[RECORDS SUPPLIED]

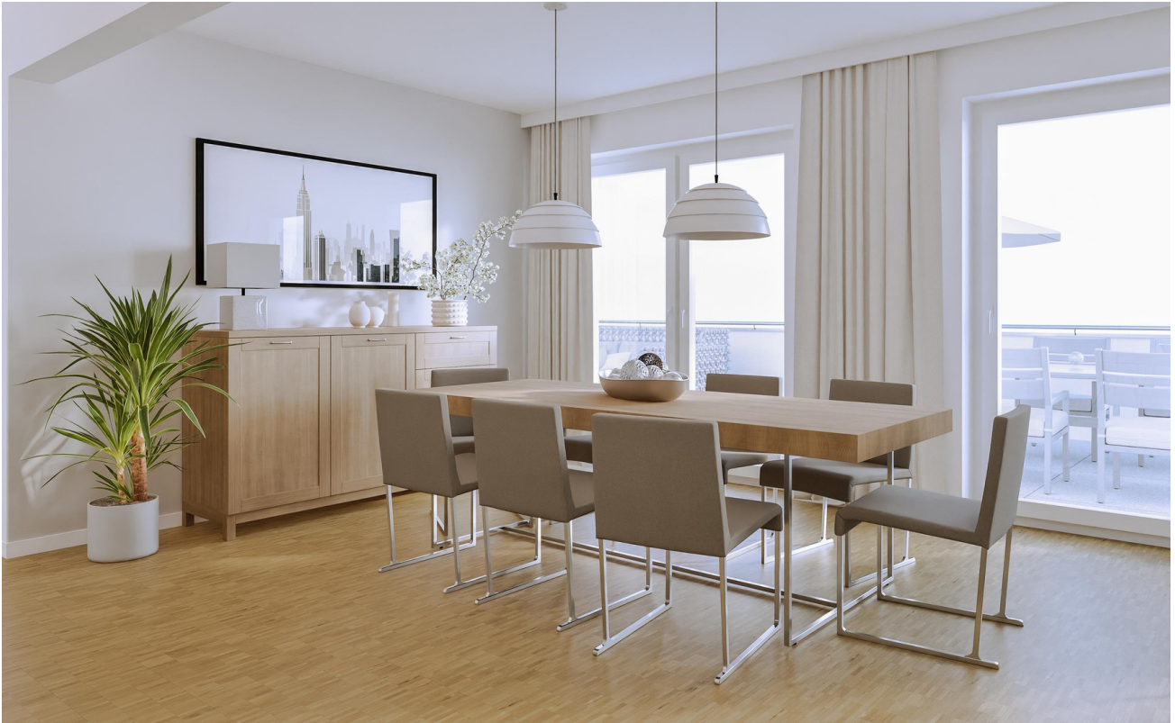
Offene Küche und Essbereich
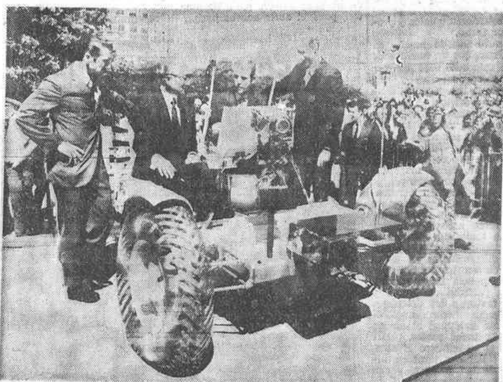
Una copia del «Rover» utilizado recientemente en la exploración de la Luna, ha sido expuesto en las Naciones Unidas...
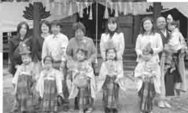
かわいいお稚児さんの姿で記念写真 (上) 信玄公忌でのお稚児さん (右) 秋葉祭でのお稚児さん
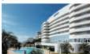
エキシブ白浜&アネックス 和歌山県白浜町大字野田町山 1215-76/1575-44
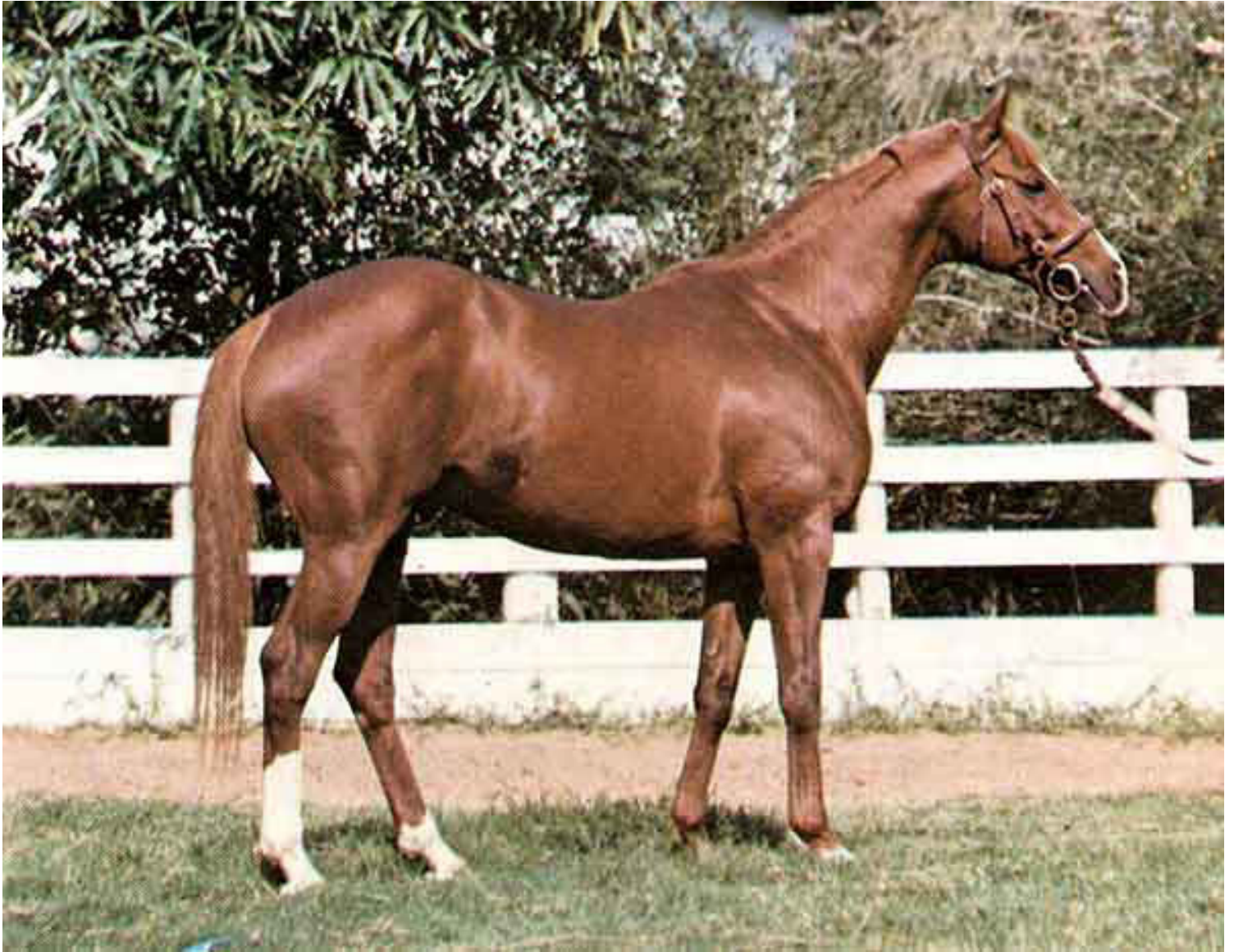
Viziane, pai de Hiper Gênio
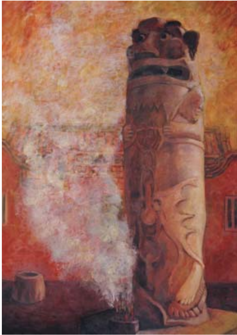
圖一 黃昏的故鄉 尺寸：145.5cm x 112cm (80F)
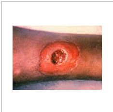
Otevřená rána (difterie)
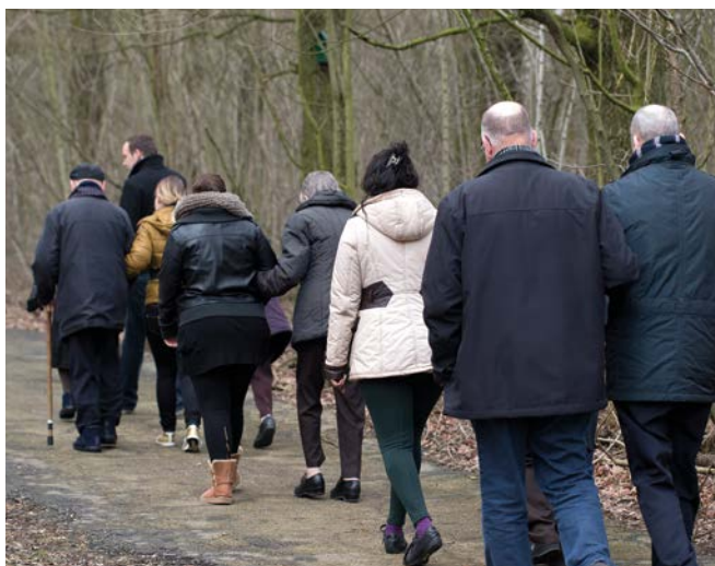
Fotografie Academische Werkplaats Ouderenzorg

reflecteren op het eigen handelen en elkaar aanspreken zonder dat dit als kritiek ervaren wordt. Om autonomie en sociale participatie van mensen met dementie te stimuleren is het van belang dat medewerkers het goede voorbeeld geven door zelf mee te helpen, activiteiten voor te doen en samen met mensen met dementie te werken in plaats van taken over te nemen. Dit betekent dat er een sfeer moet zijn waarbij men zoekt naar mogelijkheden en niet blijft hangen in barrières. Dit kan door gezamenlijk (vanuit management, medewerkers, familie, mensen met dementie) op zoek gaan naar creatieve ideeën en oplossingen.
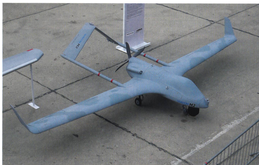
Drohnen in allen Grössen mit unterschiedlichsten Aufgaben wurden von vielen Herstellern präsentiert. Hier eine Kleindrohne aus dem Airbus-Konzern.

rigen Modells gemeinsam mit den potenziellen Kunden geprüft, um den Nutzen der X6 für ihre Einsätze zu bestätigen oder zu korrigieren.
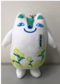
しゃろたまキーホルダー
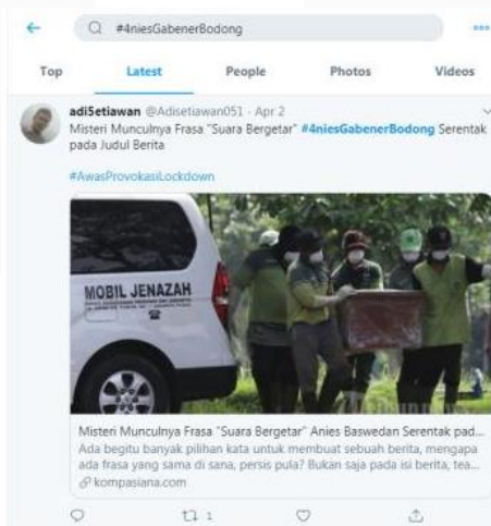
GAMBAR 1.4 PERIODE HASTAG 1

Tagar #4niesGabenerBodong ramai dibahas oleh warganet dan mulai diperbincangkan dari tanggal 26 Februari hingga 2 April 2020.
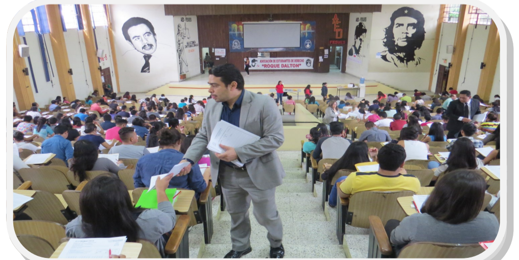
Entrega de examen de parte de profesores de la Facultad
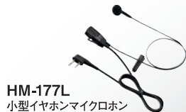
HM-177L 小型イヤホンマイクロホン 3,800円＋税 JANコード：4909723007012
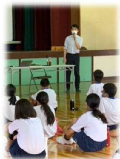
防災学習 清田小学校
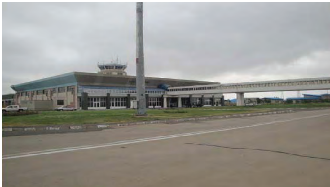
شکل ۴-۶- فرودگاه اردبیل
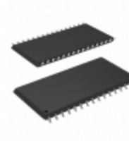
CY62148VNLL-70ZSXI Cypress Semiconductor Corp IC SRAM 4MBIT 70NS 32TSOP
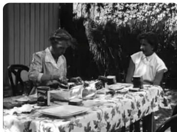
J'ai quitté l'Aquitaine

Projection du 24 octobre à l'Espace Mignan
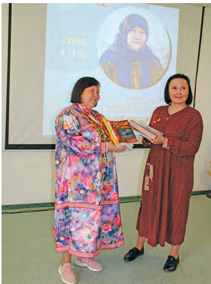
▲ З.В. Лонгортова киникайдал мойлҢлдлҢ

Мосл, лупты, хуты тҢм киника есҢлды пҢта округ
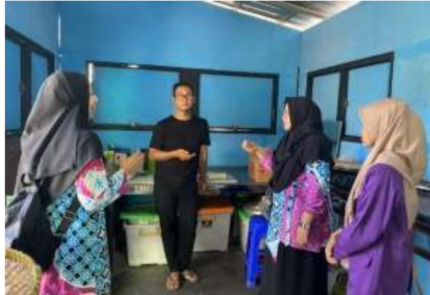
Gambar 5 Sosialisasi di rumah produksi Bakpia Sek'eco
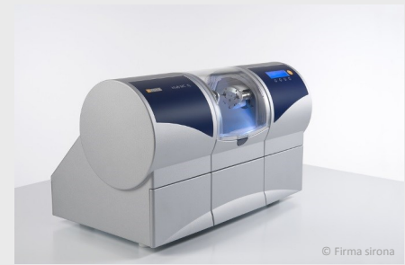
Schleifgerät für Inlays, Kronen und Brücken aus Keramik

Diese Inlays sind sehr stabil, bewährt und haltbar. Untersuchungen zeigen, dass sie so lange wie Gold-Inlays halten. Seit 1985 wurden mit dieser Methode weltweit über 20 Millionen Keramik-Inlays hergestellt und eingesetzt.
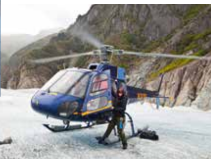
De helikopter van pilote Tracy.

De zee is onwerkelijk kalm als de zon rond een uur of zes langzaam boven de horizon rijst. Het schip glijdt over het water, terwijl de hemel achter de besneeuwde bergtoppen oranje kleurt. Het loont om zo vroeg aan dek te zijn, want bij het ochtendgloren duiken er bultrugwalvissen op! Ze spuiten fonteintjes en gooien hun staart in de lucht om
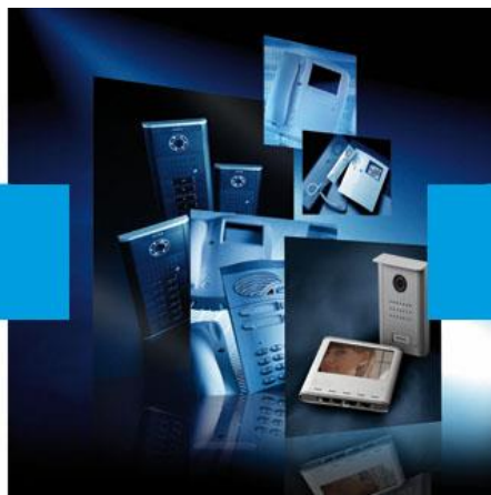
Control de acceso

[/RECORDS SUPPLIED]

= YOUR OBJECTIVE =
Search the records above for the word "Inlays" and give the number of lines where it occurs, nothing else.

= WORKED SOLUTION =
2